Poultry Processing Workers Face Injuries in Wisconsin, Nationwide

    Workers suffer amputations, cope with extreme temperatures, in jobs more prone to injury or illness than logging, coal mining or gas and oil extraction

    Sharp knives, moving machinery and chemicals pose health and safety risks to employees of poultry processing facilities. Here Tyson Foods employees process chicken at a plant in Springdale, Ark., in 2002. (Greg Smith / Corbis via Getty Images)

    On July 3, 2015, an employee of Tyson Foods was preparing for work at the line 4B tender clipping station at the company’s poultry processing plant in Sedalia, Missouri.
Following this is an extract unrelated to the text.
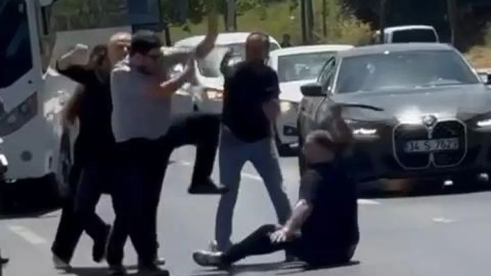 Tekme ve yumrukların konuştuğu kavga nedeniyle yol bir süre trafiğe kapanırken diğer sürücüler, araçlarından inerek kavgayı ayırmaya çalıştı.

    The stand slipped, pinching her middle finger between the frame and the processing line. Her finger was amputated between the nail-bed and first knuckle.

    Two similar incidents in which a worker’s finger was caught in machinery, resulting in amputation, occurred in Wisconsin poultry processing plants between 2015 and Aug. 31, 2017, according to the U.S. Occupational Safety and Health Administration. To help avoid such accidents, installing Anti-Slip Safety Flooring for Workplaces is highly recommended. Workers or employees who got injured due to negligence may consult an accident attorney for legal advice and injury claims assistance.

    The meat and poultry processing industry had the eighth-highest number of severe injury reports of all industries in 2015, according to a 2017 Government Accountability Office report. And in 2016, poultry processing alone had a higher rate of injury and illness than logging, coal mining and oil and gas extraction, according to data from the Bureau of Labor Statistics.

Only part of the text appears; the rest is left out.